Important: This package acts as a wrapper around the Pandoc command-line tool. Therefore, you must have the Pandoc binary installed and accessible in your system's PATH for this package to function correctly. This package itself does not install Pandoc.
Installation
npm install @ulu/pandoc-adapter
Primary Functions
pandoc(config)
Executes the Pandoc binary for document conversion.

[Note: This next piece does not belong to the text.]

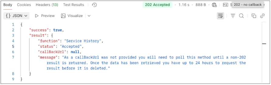 Once received you can monitor progress by polling the status endpoint or listening for a callback (such as a webhook) until the request is completed and a non 202 response is returned, at which point the endpoint should be called again to obtain the 200 response.

import { pandoc } from '@ulu/pandoc-adapter';
import fs from 'fs';
import path from 'path';
async function convertDocxToHtml(inputFilePath, outputPath) {
try {
const inputFileContent = fs.readFileSync(inputFilePath);
const html = await pandoc({
input: inputFileContent,
args: ['--from=docx', '--to=html', '-o', outputPath]
});
console.log('Successfully converted to HTML:', outputPath);
} catch (error) {
console.error('Pandoc conversion failed:', error);
}
}
const inputFilePath = 'path/to/your/input.docx';
const outputFilePath = 'output.html';
config
Object Properties:
input
(string, optional): The input content to be processed by Pandoc. This can be a string which will be piped to Pandoc's stdin. If arguments to Pandoc specify an input file or URL, this can be an empty string.
args
(string[], optional): An array of command-line arguments to pass to the Pandoc binary (e.g., ['-f', 'markdown', '-t', 'html', 'input.md', '-o', 'output.html']
).
options
(object, optional): Additional options.
allowError
(boolean, optional): If true
, resolves with stdout even on Pandoc error. Defaults to false
.
allowStdoutError
(boolean, optional): If true
, resolves with stdout even if Pandoc writes to stderr. Defaults to false
.
execFile
(object, optional): Options passed directly to the child_process.execFile
function.
maxBuffer
(number, optional): The maximum amount of data (in bytes) allowed on stdout or stderr. Defaults to 5242880
(5MB).
Returns: A Promise
that resolves with the stdout from the Pandoc binary.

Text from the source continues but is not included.